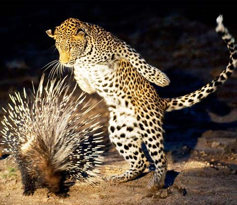Báo con vờn nhím xù lông ở Botswana. Ảnh: BNPS.
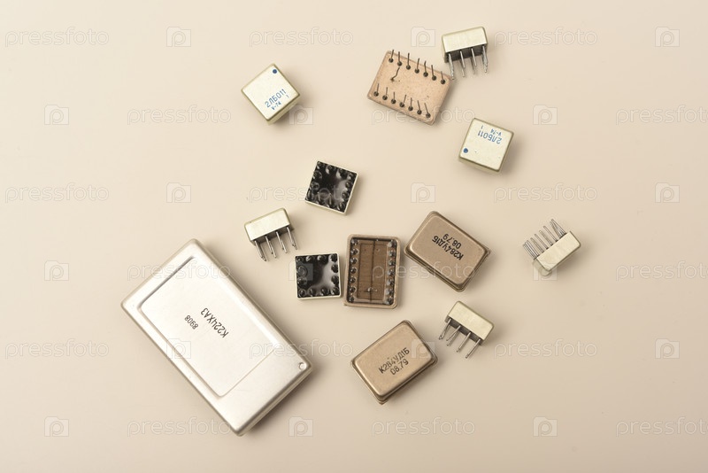 Старые чипы на белом фоне различные электронные чипы микрочипы в металлическом корпусе
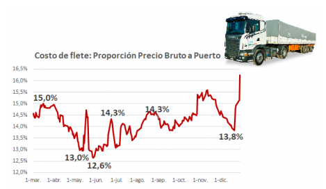 Para poner en números el impacto del flete, sobre el precio bruto del maíz a puerto, se consideró un flete corto chacra-galpón y un flete largo de 120 kilómetros, y se obtuvo la proporción del precio del flete sobre el precio a puerto, según la evolución de los precios disponibles durante el año.
■ ■ ■
DIRECTIONS: Everything in the data above, apart from the pictures, should be retyped exactly.

TASK RESPONSE:
Báo con vờn nhím xù lông ở Botswana. Ảnh: BNPS.
 Старые чипы на белом фоне различные электронные чипы микрочипы в металлическом корпусе
 Para poner en números el impacto del flete, sobre el precio bruto del maíz a puerto, se consideró un flete corto chacra-galpón y un flete largo de 120 kilómetros, y se obtuvo la proporción del precio del flete sobre el precio a puerto, según la evolución de los precios disponibles durante el año.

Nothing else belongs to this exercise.